Exercise prompt.
Give all of the records again. Match them exactly.

Collected data entries.
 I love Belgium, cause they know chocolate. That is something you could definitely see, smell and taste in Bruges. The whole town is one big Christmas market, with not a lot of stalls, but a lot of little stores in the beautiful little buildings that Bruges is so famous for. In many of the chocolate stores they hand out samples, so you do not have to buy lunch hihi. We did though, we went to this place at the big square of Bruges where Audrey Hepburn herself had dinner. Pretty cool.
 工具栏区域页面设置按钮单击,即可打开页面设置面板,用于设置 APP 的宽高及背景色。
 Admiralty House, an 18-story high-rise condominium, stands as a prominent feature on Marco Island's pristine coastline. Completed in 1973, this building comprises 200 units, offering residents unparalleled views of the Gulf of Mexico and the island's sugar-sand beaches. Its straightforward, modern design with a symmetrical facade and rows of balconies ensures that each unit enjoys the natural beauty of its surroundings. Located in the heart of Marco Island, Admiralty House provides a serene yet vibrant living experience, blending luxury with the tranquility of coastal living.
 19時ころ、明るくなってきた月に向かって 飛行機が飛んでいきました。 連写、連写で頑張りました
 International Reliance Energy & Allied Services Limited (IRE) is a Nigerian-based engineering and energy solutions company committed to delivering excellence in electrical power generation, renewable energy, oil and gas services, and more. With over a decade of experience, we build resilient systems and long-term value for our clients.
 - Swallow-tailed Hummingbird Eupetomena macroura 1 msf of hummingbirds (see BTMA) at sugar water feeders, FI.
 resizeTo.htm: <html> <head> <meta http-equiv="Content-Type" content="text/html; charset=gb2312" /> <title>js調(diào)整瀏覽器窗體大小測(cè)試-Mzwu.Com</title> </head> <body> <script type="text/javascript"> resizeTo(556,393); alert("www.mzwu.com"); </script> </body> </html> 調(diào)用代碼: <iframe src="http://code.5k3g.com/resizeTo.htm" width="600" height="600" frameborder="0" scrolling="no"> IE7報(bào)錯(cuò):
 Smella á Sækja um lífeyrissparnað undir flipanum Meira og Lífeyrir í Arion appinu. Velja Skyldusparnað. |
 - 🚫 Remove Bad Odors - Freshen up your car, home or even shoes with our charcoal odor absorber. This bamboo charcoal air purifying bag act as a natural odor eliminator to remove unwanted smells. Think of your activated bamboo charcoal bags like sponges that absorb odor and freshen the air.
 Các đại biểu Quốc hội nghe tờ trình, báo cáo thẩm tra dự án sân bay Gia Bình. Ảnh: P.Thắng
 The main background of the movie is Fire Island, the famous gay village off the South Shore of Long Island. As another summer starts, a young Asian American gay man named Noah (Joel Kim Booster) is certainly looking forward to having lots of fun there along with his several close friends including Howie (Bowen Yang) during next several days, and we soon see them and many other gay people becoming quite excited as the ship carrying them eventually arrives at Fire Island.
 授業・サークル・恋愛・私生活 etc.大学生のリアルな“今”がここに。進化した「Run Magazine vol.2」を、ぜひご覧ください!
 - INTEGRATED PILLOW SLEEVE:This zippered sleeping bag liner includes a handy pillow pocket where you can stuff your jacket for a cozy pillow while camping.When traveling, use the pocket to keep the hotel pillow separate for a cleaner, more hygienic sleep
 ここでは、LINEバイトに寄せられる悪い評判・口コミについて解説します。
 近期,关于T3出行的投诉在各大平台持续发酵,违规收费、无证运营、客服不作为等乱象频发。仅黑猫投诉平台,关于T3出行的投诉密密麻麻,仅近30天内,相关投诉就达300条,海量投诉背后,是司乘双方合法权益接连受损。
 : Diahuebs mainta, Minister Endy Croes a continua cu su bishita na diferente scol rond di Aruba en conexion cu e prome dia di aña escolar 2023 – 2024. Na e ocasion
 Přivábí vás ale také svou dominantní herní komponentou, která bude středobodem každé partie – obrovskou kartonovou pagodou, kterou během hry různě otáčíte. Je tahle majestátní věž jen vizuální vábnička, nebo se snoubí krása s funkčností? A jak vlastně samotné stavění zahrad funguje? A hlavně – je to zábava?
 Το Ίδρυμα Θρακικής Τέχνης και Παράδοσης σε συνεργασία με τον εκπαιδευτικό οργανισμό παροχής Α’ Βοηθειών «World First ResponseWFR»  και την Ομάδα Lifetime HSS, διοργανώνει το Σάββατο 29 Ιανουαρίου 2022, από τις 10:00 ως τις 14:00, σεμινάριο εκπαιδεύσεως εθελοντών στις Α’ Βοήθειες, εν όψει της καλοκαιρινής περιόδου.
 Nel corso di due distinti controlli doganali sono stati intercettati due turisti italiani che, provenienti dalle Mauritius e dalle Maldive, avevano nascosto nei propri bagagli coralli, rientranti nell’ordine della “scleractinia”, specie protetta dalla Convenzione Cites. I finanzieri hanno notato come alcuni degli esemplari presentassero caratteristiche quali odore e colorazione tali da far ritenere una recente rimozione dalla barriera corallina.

Answer to the problem.
 I love Belgium, cause they know chocolate. That is something you could definitely see, smell and taste in Bruges. The whole town is one big Christmas market, with not a lot of stalls, but a lot of little stores in the beautiful little buildings that Bruges is so famous for. In many of the chocolate stores they hand out samples, so you do not have to buy lunch hihi. We did though, we went to this place at the big square of Bruges where Audrey Hepburn herself had dinner. Pretty cool.
 工具栏区域页面设置按钮单击,即可打开页面设置面板,用于设置 APP 的宽高及背景色。
 Admiralty House, an 18-story high-rise condominium, stands as a prominent feature on Marco Island's pristine coastline. Completed in 1973, this building comprises 200 units, offering residents unparalleled views of the Gulf of Mexico and the island's sugar-sand beaches. Its straightforward, modern design with a symmetrical facade and rows of balconies ensures that each unit enjoys the natural beauty of its surroundings. Located in the heart of Marco Island, Admiralty House provides a serene yet vibrant living experience, blending luxury with the tranquility of coastal living.
 19時ころ、明るくなってきた月に向かって 飛行機が飛んでいきました。 連写、連写で頑張りました
 International Reliance Energy & Allied Services Limited (IRE) is a Nigerian-based engineering and energy solutions company committed to delivering excellence in electrical power generation, renewable energy, oil and gas services, and more. With over a decade of experience, we build resilient systems and long-term value for our clients.
 - Swallow-tailed Hummingbird Eupetomena macroura 1 msf of hummingbirds (see BTMA) at sugar water feeders, FI.
 resizeTo.htm: <html> <head> <meta http-equiv="Content-Type" content="text/html; charset=gb2312" /> <title>js調(diào)整瀏覽器窗體大小測(cè)試-Mzwu.Com</title> </head> <body> <script type="text/javascript"> resizeTo(556,393); alert("www.mzwu.com"); </script> </body> </html> 調(diào)用代碼: <iframe src="http://code.5k3g.com/resizeTo.htm" width="600" height="600" frameborder="0" scrolling="no"> IE7報(bào)錯(cuò):
 Smella á Sækja um lífeyrissparnað undir flipanum Meira og Lífeyrir í Arion appinu. Velja Skyldusparnað. |
 - 🚫 Remove Bad Odors - Freshen up your car, home or even shoes with our charcoal odor absorber. This bamboo charcoal air purifying bag act as a natural odor eliminator to remove unwanted smells. Think of your activated bamboo charcoal bags like sponges that absorb odor and freshen the air.
 Các đại biểu Quốc hội nghe tờ trình, báo cáo thẩm tra dự án sân bay Gia Bình. Ảnh: P.Thắng
 The main background of the movie is Fire Island, the famous gay village off the South Shore of Long Island. As another summer starts, a young Asian American gay man named Noah (Joel Kim Booster) is certainly looking forward to having lots of fun there along with his several close friends including Howie (Bowen Yang) during next several days, and we soon see them and many other gay people becoming quite excited as the ship carrying them eventually arrives at Fire Island.
 授業・サークル・恋愛・私生活 etc.大学生のリアルな“今”がここに。進化した「Run Magazine vol.2」を、ぜひご覧ください!
 - INTEGRATED PILLOW SLEEVE:This zippered sleeping bag liner includes a handy pillow pocket where you can stuff your jacket for a cozy pillow while camping.When traveling, use the pocket to keep the hotel pillow separate for a cleaner, more hygienic sleep
 ここでは、LINEバイトに寄せられる悪い評判・口コミについて解説します。
 近期,关于T3出行的投诉在各大平台持续发酵,违规收费、无证运营、客服不作为等乱象频发。仅黑猫投诉平台,关于T3出行的投诉密密麻麻,仅近30天内,相关投诉就达300条,海量投诉背后,是司乘双方合法权益接连受损。
 : Diahuebs mainta, Minister Endy Croes a continua cu su bishita na diferente scol rond di Aruba en conexion cu e prome dia di aña escolar 2023 – 2024. Na e ocasion
 Přivábí vás ale také svou dominantní herní komponentou, která bude středobodem každé partie – obrovskou kartonovou pagodou, kterou během hry různě otáčíte. Je tahle majestátní věž jen vizuální vábnička, nebo se snoubí krása s funkčností? A jak vlastně samotné stavění zahrad funguje? A hlavně – je to zábava?
 Το Ίδρυμα Θρακικής Τέχνης και Παράδοσης σε συνεργασία με τον εκπαιδευτικό οργανισμό παροχής Α’ Βοηθειών «World First ResponseWFR»  και την Ομάδα Lifetime HSS, διοργανώνει το Σάββατο 29 Ιανουαρίου 2022, από τις 10:00 ως τις 14:00, σεμινάριο εκπαιδεύσεως εθελοντών στις Α’ Βοήθειες, εν όψει της καλοκαιρινής περιόδου.
 Nel corso di due distinti controlli doganali sono stati intercettati due turisti italiani che, provenienti dalle Mauritius e dalle Maldive, avevano nascosto nei propri bagagli coralli, rientranti nell’ordine della “scleractinia”, specie protetta dalla Convenzione Cites. I finanzieri hanno notato come alcuni degli esemplari presentassero caratteristiche quali odore e colorazione tali da far ritenere una recente rimozione dalla barriera corallina.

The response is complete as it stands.